Like most businesses, Reinas had to close temporary during the COVID-19 pandemic. In June 2020, as part of the city's annual LGBT pride festivities, the bar hosted the virtual session "Tea with the Queen". Operations were restored by July 2020.

In August 2021, Reinas closed again for the rest of the month because of regulations enacted by the local government requiring bars to have operating kitchens. The owner wrote, "Hello my dear friends, clients… sad news, but I have decided to close the bar, until the first of September or when it is indicated that it can be opened normally. After 2 more bars closed yesterday I can't take the risk. I'm really sorry especially for Curiel, Angel, Ivanka, Lalo, Yair and Abram. I'm really sorry, please come back when the bar is open again. Frame.
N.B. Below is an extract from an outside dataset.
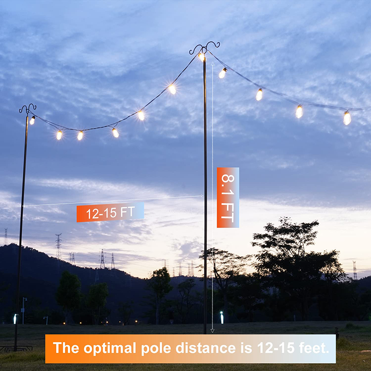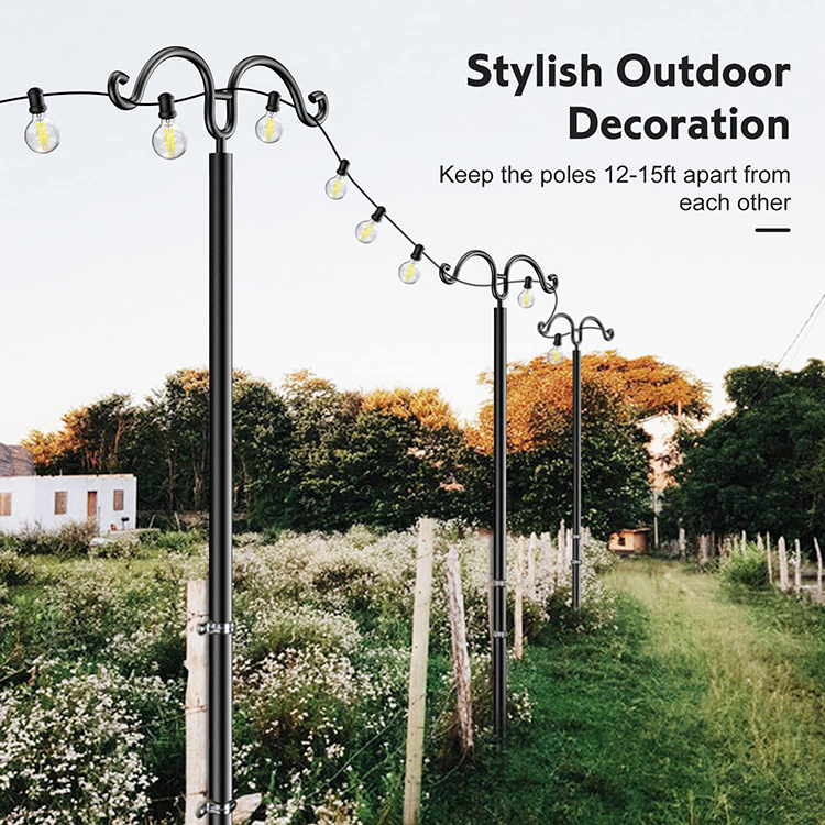 JH-Mech string light pole , which is designed for commercial-grade outdoor string lights or party decorations, is great for your outdoor decoration needs, like hanging string lights, patio lights ,ornaments, party decorations, wind chimes, small hanging plants, fairy lights, flags,Christmas lights, lanterns, mason jars or colorful bunting decorations.

God save the queen!"

== Reception ==
Iñigo Alkorta of Vallarta Lifestyles called Reinas "emblematic" in 2020. In 2021, Out and About Puerto Vallarta said the staff "do their best to make you feel like family". In 2022, the magazine's Salvador Dominguez wrote, "If you like kitsch more, Reinas will definitely be your place... In Reinas you can have a drink and at the same time talk without so much noise or bustle... [Their] prices are cheap and they have a personalized treatment from the owner and waiters who are adorable."